[Provided material]

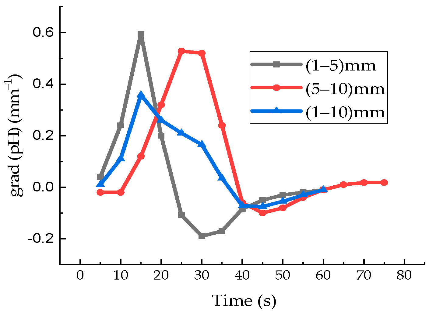 Figure 5). Therefore, it can be assumed that the flows in the near-surface region into the volume of the solution will be about 7 times greater than into the volume of the membrane. The intensity of the liquid flows near the membrane surface decreases as the membrane swells. The creation of additional forces in the volume of liquid near the membrane and in the volume of the membrane is relevant for systems containing ion-exchange membranes, during the adsorption and desorption of solutions required for the extraction of components, during the transportation of medicinal components of solutions in biological systems.
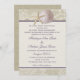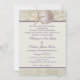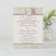 Invitación a una boda en la playa de Vintage con fondo de marfil, marfil y un suave texto morado. Los dólares de arena y las estrellas de mar y el aspecto rústico de la burlap, personalizar el texto y los tipos de letra para que se adapten a su estilo.
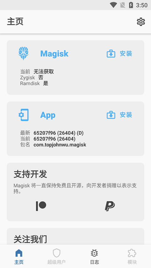 1、启动Magisk manager软件,如果存在当前Magisk的版本,则表示已经安装。
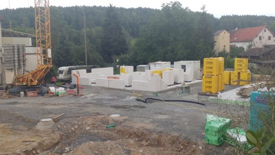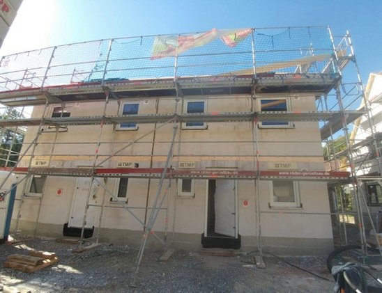 Das geteilte Grundstück und unterschiedliche Baufirmen auf dem Gelände hatten den Baubeginn zunächst verzögert, aber als die Bodenplatte endlich gegossen war, lief der Hausbau bei Stefanie und Christian wie am Schnürchen.
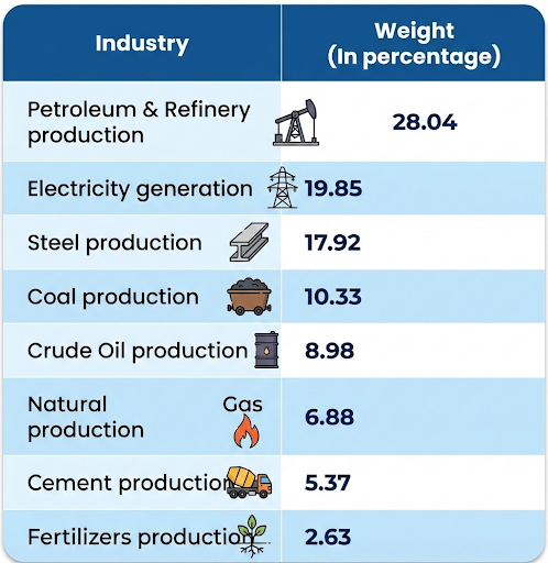 Nearly 40.27% of the IIP comprises the Index of Eight Core Industries (ICI). These are considered the structural pillars of the Indian economy.
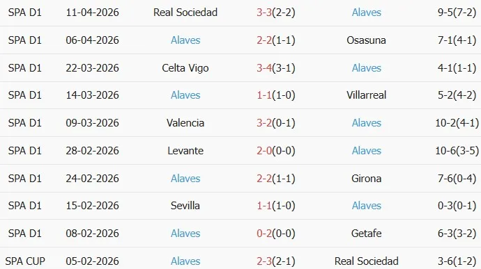 Thống kê phong độ 10 trận đấu gần nhất của Alaves
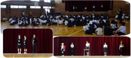児童集会のあとは、栄養教諭実習の先生から、終わりの挨拶がありました。わずか1週間でしたが、九条北小学校での経験を生かして、素晴らしい先生を目指していっていただきたいものです。
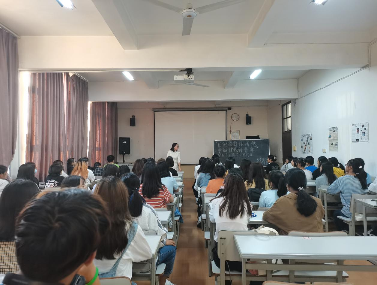 2021年9月28日下午6:00,外国语学院团委书记谢春丽老师于二教307室为青年学生干部上了一堂生动的教育主题团课,团课主题为“自觉监督你我他,争做时代新青年”
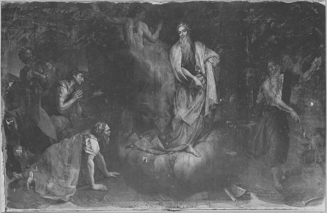 scène biblique (Saül : prosterné, Samuel, Pythonisse d'Endor : feu, fumée)
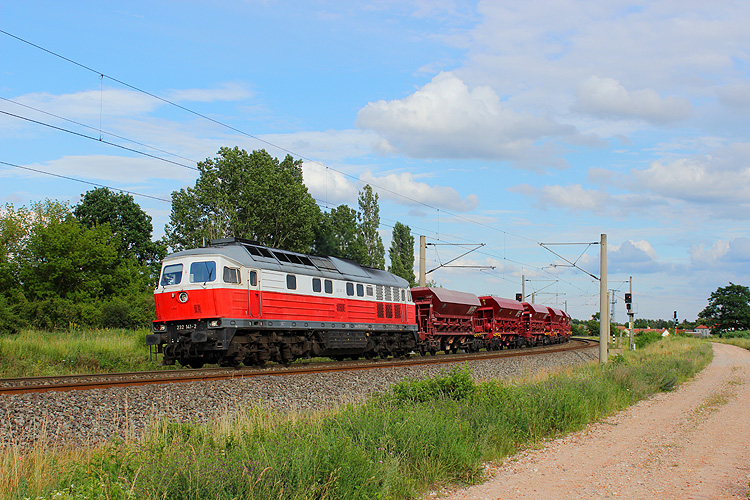 |  | Am 02.07.2020 fuhr WFL 232 141 mit einem Schotterzug in Richtung Wittenberge. |
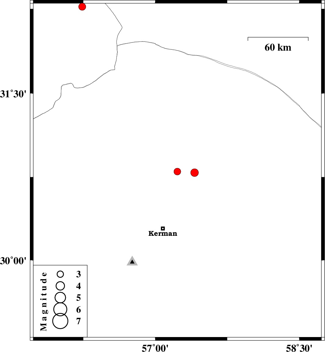| 2020/09/19 | 09:23:13.5 | 13:53:13.5 | 30.8 | 57.23 | 10 | ML3.2 | Kerman Province, 59 km North-East of Kerman |
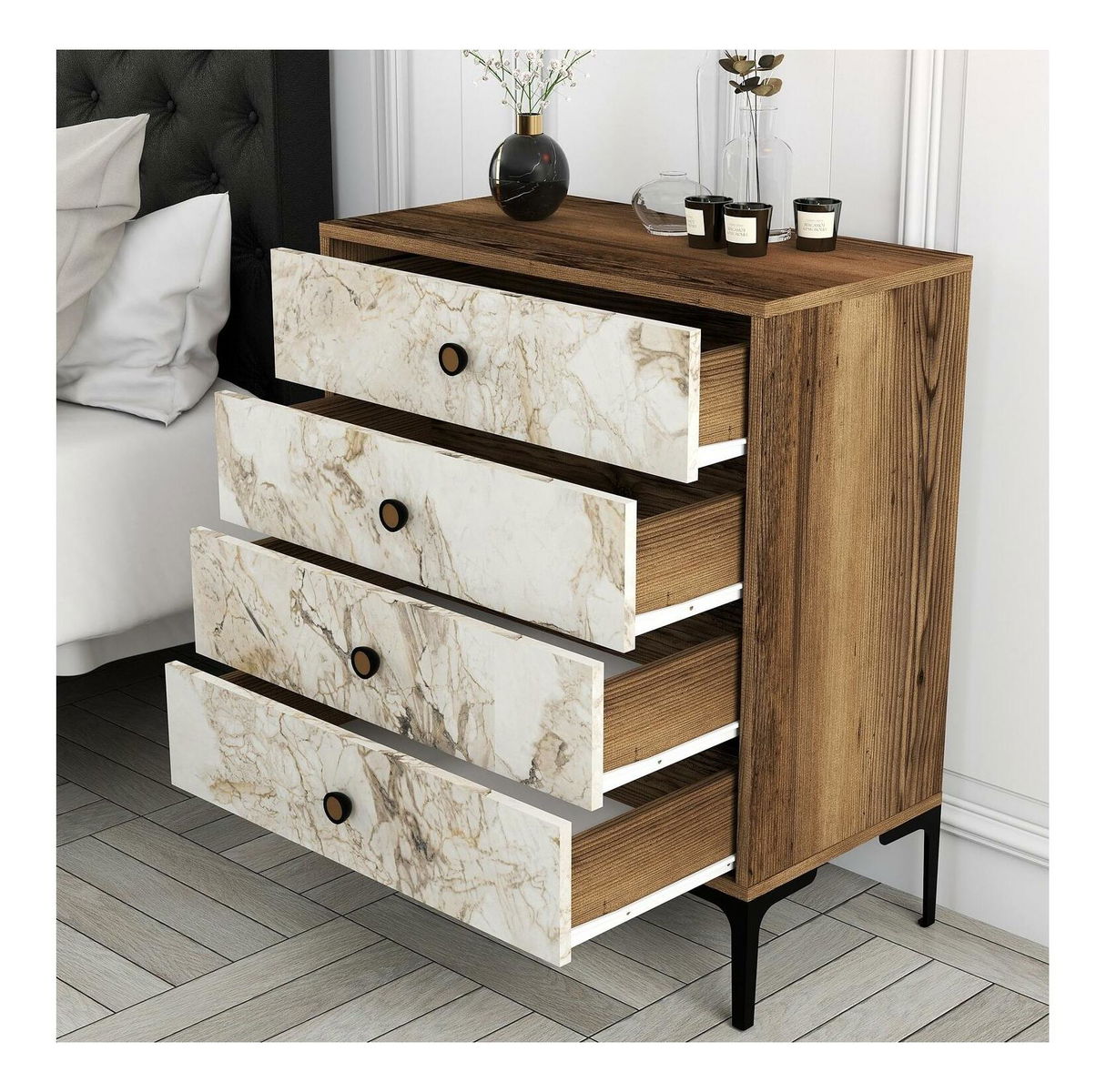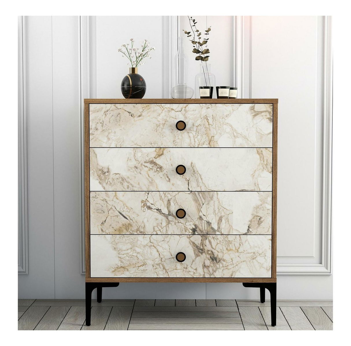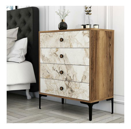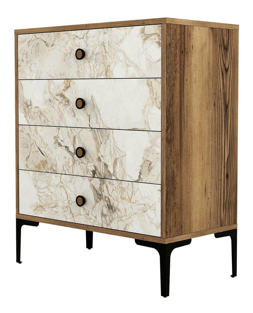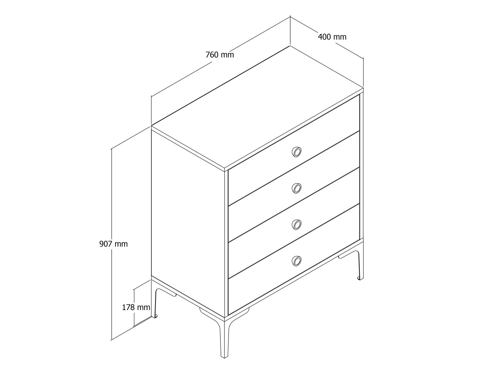 tloušťka: 18 mm, plastová rukojeť kovové nohy, komoda velikost: šířka: 76 cm, výška: 90,7 cm, hloubka: 40 cm, 4 zásuvky výška nohy: 17,8 cm
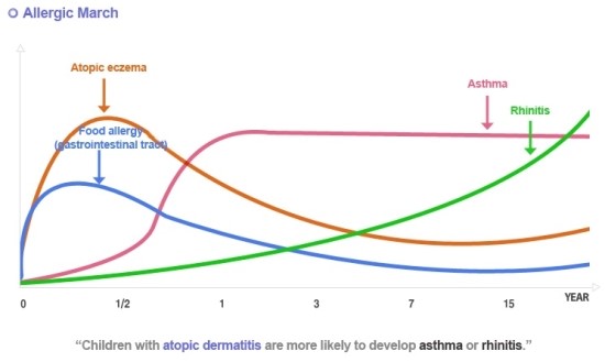 아토피 피부염은 '알레르기 행진(Allergy march)'의 시작점입니다. 어릴 때 아토피 피부염을 앓으면 성장하면서 천식, 알레르기 비염으로 이어지며 '알레르기 행진'이 진행되는 경우가 많으므로 각별한 주의와 관리가 필요합니다.
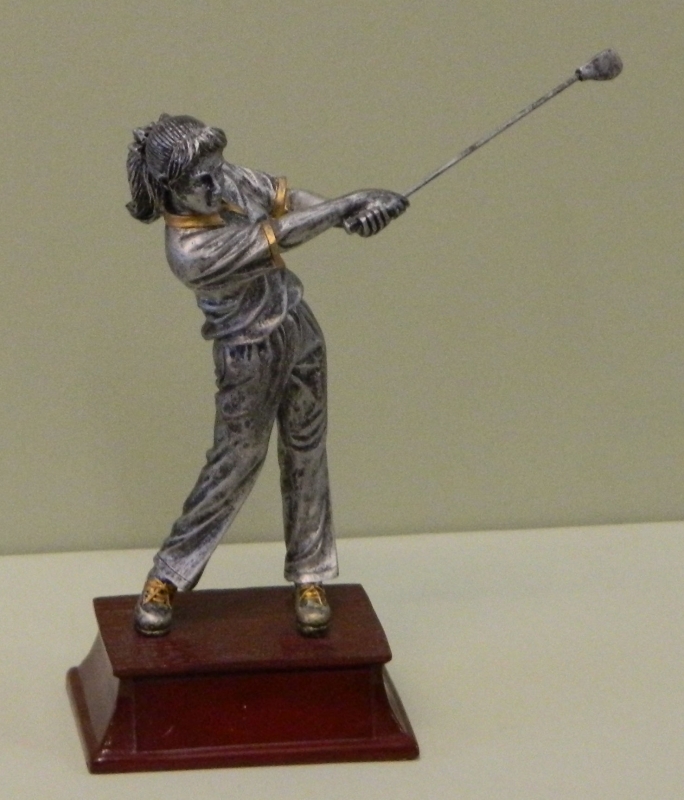 Resinfigur Golferin mit Textschild. Höhe 21cm.
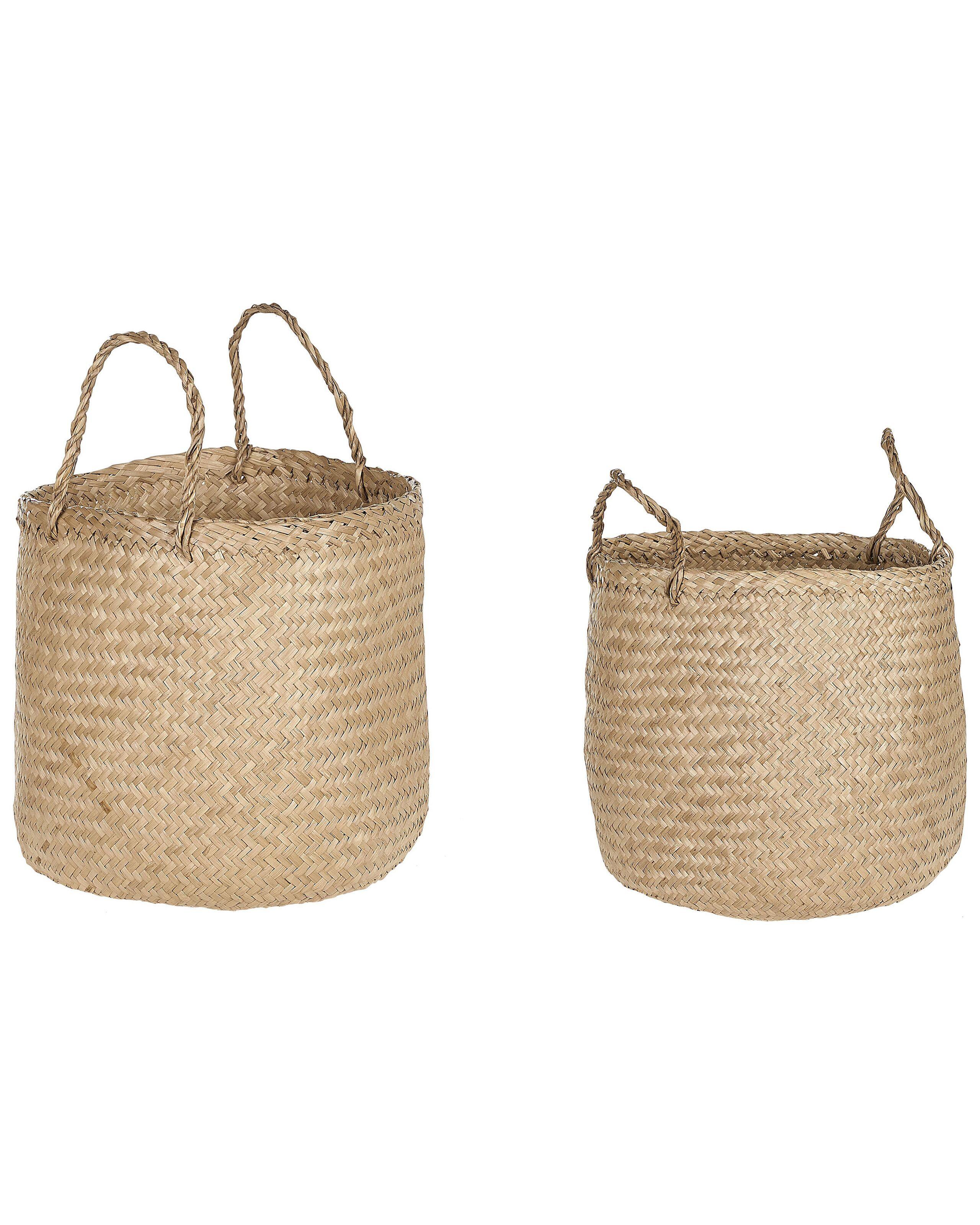 Set aus handgeflochtenen Körben. Ein Duo aus naturfarbenen Aufbewahrungskörben aus feinstem Seegras bringt Ordnung ins Haus. Die vielseitigen Schmuckstücke vereinen Funktionalität und Ästhetik und verleihen jedem Raum einen Hauch von Küstencharme. Mit den angebrachten Griffen lassen sich die wichtigsten Dinge mühelos verstauen, so dass das Aufräumen zum Kinderspiel wird.
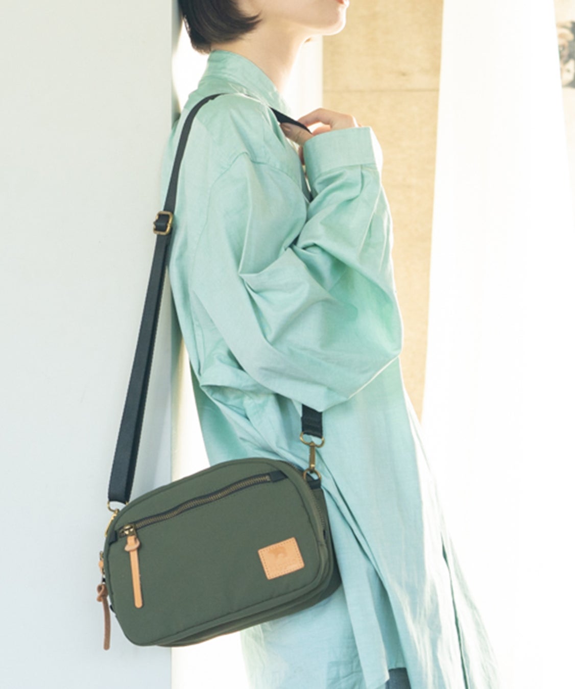 外側のポケットが立体的になっている、フォルムがかわいいBOX型のショルダーバッグ。小ぶりな見た目ですが、収納力は侮れません。最低限持ち歩きたい財布やちょっとした小物はもちろん、500mlのペットボトルが縦にスッポリ入ってしまうんです。メインエリアのファスナーは大きく開くので、何がどこにあるか一目瞭然。普段のちょっとそこまでのおでかけや、旅行先でのサブバッグなどたくさんのシーンで活躍してくれます。
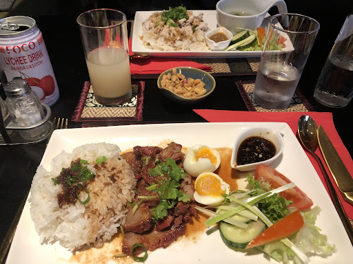Read moreLes plus: délicieux!!! des plats frais et cuisinés maison par une cheffe thaïlandaise (même les enfants - 7 et 9 ans - ont dévoré les nems aux légumes), assiettes présentées avec goût et copieuses, accueil top, salle bien chauffée et... pour les amoureux de la déco, on adore le magnifique papier-peint posé au mur. Les moins: on devra revenir pour goûter tous les autres plats qui avaient l'air délicieux (on a raté le succulent...

[Your goal]
Repeat the data above exactly, but not the pictures.

[Answer to the problem]
 Figure 5). Therefore, it can be assumed that the flows in the near-surface region into the volume of the solution will be about 7 times greater than into the volume of the membrane. The intensity of the liquid flows near the membrane surface decreases as the membrane swells. The creation of additional forces in the volume of liquid near the membrane and in the volume of the membrane is relevant for systems containing ion-exchange membranes, during the adsorption and desorption of solutions required for the extraction of components, during the transportation of medicinal components of solutions in biological systems.
 Invitación a una boda en la playa de Vintage con fondo de marfil, marfil y un suave texto morado. Los dólares de arena y las estrellas de mar y el aspecto rústico de la burlap, personalizar el texto y los tipos de letra para que se adapten a su estilo.
 1、启动Magisk manager软件,如果存在当前Magisk的版本,则表示已经安装。
 Das geteilte Grundstück und unterschiedliche Baufirmen auf dem Gelände hatten den Baubeginn zunächst verzögert, aber als die Bodenplatte endlich gegossen war, lief der Hausbau bei Stefanie und Christian wie am Schnürchen.
 Nearly 40.27% of the IIP comprises the Index of Eight Core Industries (ICI). These are considered the structural pillars of the Indian economy.
 Thống kê phong độ 10 trận đấu gần nhất của Alaves
児童集会のあとは、栄養教諭実習の先生から、終わりの挨拶がありました。わずか1週間でしたが、九条北小学校での経験を生かして、素晴らしい先生を目指していっていただきたいものです。
 2021年9月28日下午6:00,外国语学院团委书记谢春丽老师于二教307室为青年学生干部上了一堂生动的教育主题团课,团课主题为“自觉监督你我他,争做时代新青年”
 scène biblique (Saül : prosterné, Samuel, Pythonisse d'Endor : feu, fumée)
 |  | Am 02.07.2020 fuhr WFL 232 141 mit einem Schotterzug in Richtung Wittenberge. |
| 2020/09/19 | 09:23:13.5 | 13:53:13.5 | 30.8 | 57.23 | 10 | ML3.2 | Kerman Province, 59 km North-East of Kerman |
 tloušťka: 18 mm, plastová rukojeť kovové nohy, komoda velikost: šířka: 76 cm, výška: 90,7 cm, hloubka: 40 cm, 4 zásuvky výška nohy: 17,8 cm
 아토피 피부염은 '알레르기 행진(Allergy march)'의 시작점입니다. 어릴 때 아토피 피부염을 앓으면 성장하면서 천식, 알레르기 비염으로 이어지며 '알레르기 행진'이 진행되는 경우가 많으므로 각별한 주의와 관리가 필요합니다.
 Resinfigur Golferin mit Textschild. Höhe 21cm.
 Set aus handgeflochtenen Körben. Ein Duo aus naturfarbenen Aufbewahrungskörben aus feinstem Seegras bringt Ordnung ins Haus. Die vielseitigen Schmuckstücke vereinen Funktionalität und Ästhetik und verleihen jedem Raum einen Hauch von Küstencharme. Mit den angebrachten Griffen lassen sich die wichtigsten Dinge mühelos verstauen, so dass das Aufräumen zum Kinderspiel wird.
 外側のポケットが立体的になっている、フォルムがかわいいBOX型のショルダーバッグ。小ぶりな見た目ですが、収納力は侮れません。最低限持ち歩きたい財布やちょっとした小物はもちろん、500mlのペットボトルが縦にスッポリ入ってしまうんです。メインエリアのファスナーは大きく開くので、何がどこにあるか一目瞭然。普段のちょっとそこまでのおでかけや、旅行先でのサブバッグなどたくさんのシーンで活躍してくれます。
Read moreLes plus: délicieux!!! des plats frais et cuisinés maison par une cheffe thaïlandaise (même les enfants - 7 et 9 ans - ont dévoré les nems aux légumes), assiettes présentées avec goût et copieuses, accueil top, salle bien chauffée et... pour les amoureux de la déco, on adore le magnifique papier-peint posé au mur. Les moins: on devra revenir pour goûter tous les autres plats qui avaient l'air délicieux (on a raté le succulent...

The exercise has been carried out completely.